Memory layout: contiguous vector vs node-based containers. Download .excalidraw

The 2.5× hidden in your container choice

On the same N=262144 workload, with the same payload struct, on the same kernel — demo-02 measures these iterate-and-sum median times:

Container Median iterate time Relative
boost::container::flat_map<K,V> 911 µs 1.0× (baseline)
std::vector<pair<K,V>> + linear scan ~920 µs 1.0×
std::unordered_map<K,V> 2,309 µs 2.5× slower
std::map<K,V> ~32 ms ~35× slower

The first two are contiguous. The third is a hash table with nodes scattered across the heap. The fourth is a red-black tree with both scattered nodes and a branch-heavy traversal.

The 2.5× gap between flat_map and unordered_map isn’t about algorithmic complexity. All four containers do roughly N work to iterate. The gap is about how many cache lines the CPU has to fetch to do that work.

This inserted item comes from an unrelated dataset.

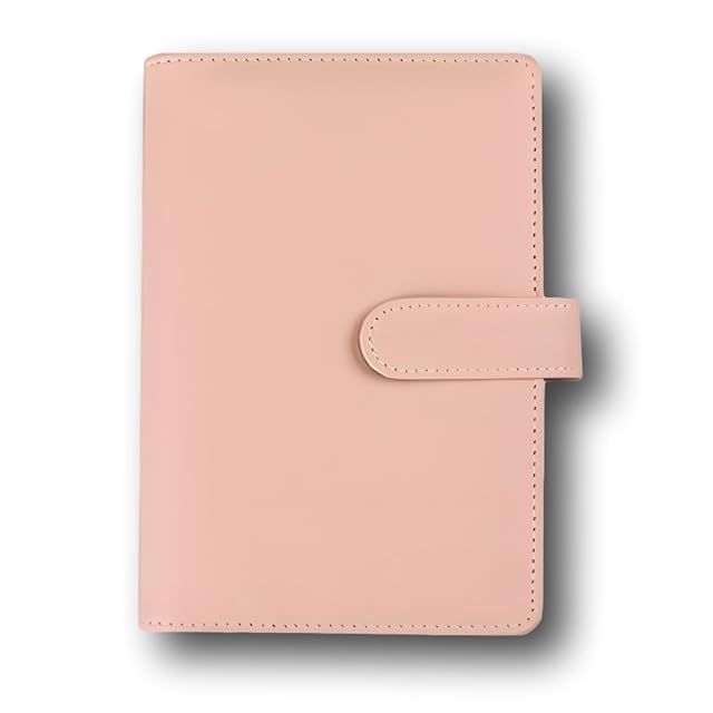 ENN LLC バインダー A6 6穴 PUレザー ポケット12個 ラベル付き (ピンク)

A contiguous container packs ~16 int values into each 64-byte cache line. The hardware prefetcher reads ahead 2-3 cache lines. The CPU is reading from L1 most of the time, occasionally L2, rarely main memory. Each value costs roughly 1 nanosecond.

A node-based container puts each value in its own heap allocation, somewhere in the heap. The prefetcher can’t help — it has no way to know where the next node lives until the current node’s next pointer is dereferenced. Every node is a fresh cache miss back to L2 or main memory. Each value costs roughly 15-40 ns, sometimes 100+ ns under pressure.

The data structure didn’t change between contiguous and scattered — the layout did. This section is about making that layout decision deliberately, before it shows up as a 2.5× gap on the dashboard.

Why contiguous wins — a cache-line view

The diagram above shows the two memory layouts side by side, but the numeric mechanism is worth one paragraph more.

Modern x86-64 has 64-byte L1 cache lines. An int is 4 bytes, so 16 ints fit in one line. A std::vector<int> stores them back-to-back: line 1 holds elements 0-15, line 2 holds 16-31, and so on. Iterating 1,000 elements touches ~63 cache lines — and the L1 hardware prefetcher recognizes the linear stride and fetches lines 2, 3, 4 ahead of line 1’s load arriving in the register file. By the time the CPU asks for element 16, the line containing it is already in L1.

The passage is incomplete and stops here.